When injury replacements are themselves getting hurt, we really cant be too picky, can we?
Lastly, let’s look at Arizona’s next several series.
- 4 vs. San Francisco Giants
- 3 at Colorado Rockies
- 3 at San Francisco Giants
- 3 vs. Los Angeles Dodgers
- 3 vs. New York Mets
- 3 at Los Angeles Dodgers
- 4 at Chicago Cubs
- 3 vs. Philadelphia Phillies
- 3 vs. Colorado Rockies
- 3 at San Diego Padres
Not exactly the most offensively ferocious teams. I’d probably avoid starting him at Coors Field and maybe at home against the Dodgers, especially if Matt Kemp is back and playing well. But in most of those cases either
- The opponent has a mediocre offense.
- It’s in a very pitcher-friendly park.
When I was watching the opener, I looked at Miley’s ownership in ESPN leagues and took a mental note: 15.5 percent. At the very moment I’m writing this, it’s 15.8 percent.

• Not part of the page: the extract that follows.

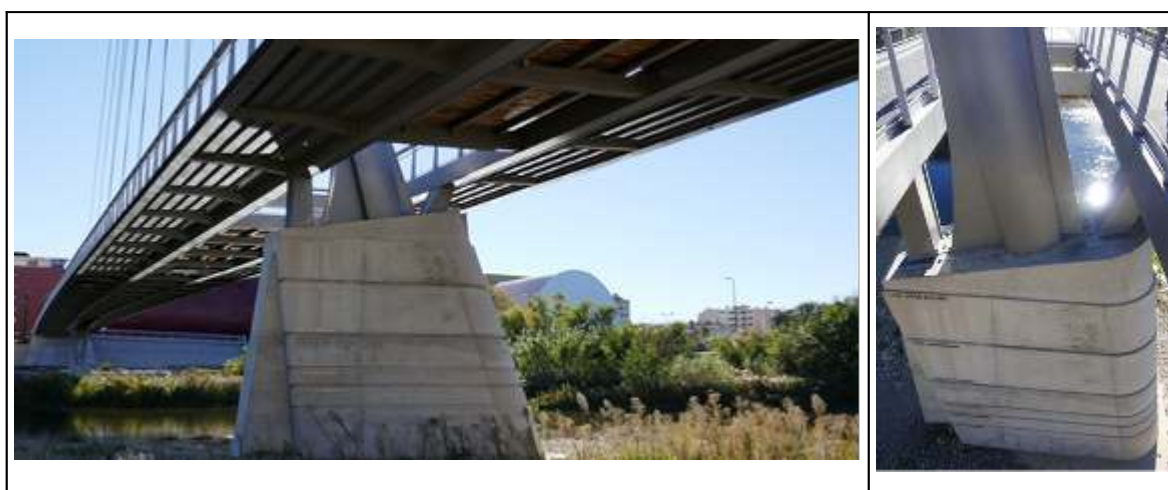
Figures 12 et 12bis. Hauteurs des crues selon leur période de retour sur une pile de la passerelle piétonne inaugurée en 2015 sur la Têt à Perpignan

I’m not going to sit here and tell you that Wade Miley can be the best pitcher on a fantasy champ, or anything close to that. But while his 2013 was rough, he finished it very well. While his first start didn’t produce great stats, they weren’t terrible and were not indicative of how well he pitched.
Consider that, along with the fact that pitching is depleted and he should have a fairly nice run of iffy offenses coming up, and I think Miley should be owned in significantly more leagues.